Colligative Properties

• These properties depend only on the number of solute particles in a solution, not their identity
• Colligative properties include vapor pressure depression, freezing point depression, boiling point elevation, and osmotic pressure
• They are used to measure the osmolality of solutions

Osmometer

• Used to measure the osmolality of biological samples like blood plasma and tears
• Measures the osmotic concentration in milliosmoles per kilogram (mOsm/kg)

Types of Osmometers

• Freezing Point Depression Osmometer: Measures the freezing point depression of the solution, based on the colligative property. This is the most common type used in clinical laboratories.
• Vapour Pressure Osmometer: Measures the vapor pressure of the sample relative to a pure solvent. This is not commonly used in clinical laboratories due to potential interference from volatile gases.
• Membrane Osmometer: Measures the osmotic pressure of a solution separated by a semipermeable membrane. This is not commonly used in clinical laboratories.

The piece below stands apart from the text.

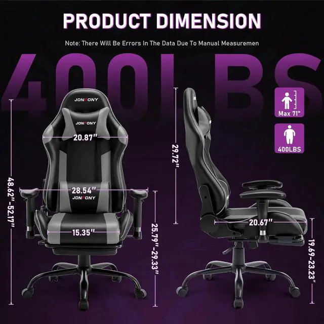 Wide Applications: JONPONY gaming chair is an ideal seat of choice for working,studying and gaming. Its versatile design and ergonomic features make it suitable for long hours of sitting, whether you're tackling a demanding work project, delving into academic studies, or immersing

Freezing Point Depression Osmometer

• Principle: The freezing point of a solution is lowered compared to pure solvent as solute concentration increases.
• Process: The sample is supercooled below 0 °C. Ice crystals form and release thermal energy, raising the temperature. Equilibrium is reached when melting and freezing of ice balance, indicating the real freezing point of the sample.

Vapour Pressure Osmometer

• Principle: The vapor pressure of a solution is lower than that of the pure solvent. The difference in vapor pressure is measured.
• Applications: Monitoring diuretic therapy, quantitating sodium in isotonic solutions, studying colligative properties of parenteral solutions.
• Limitations: Volatile gases can interfere with the measurements, making this method unsuitable for clinical use.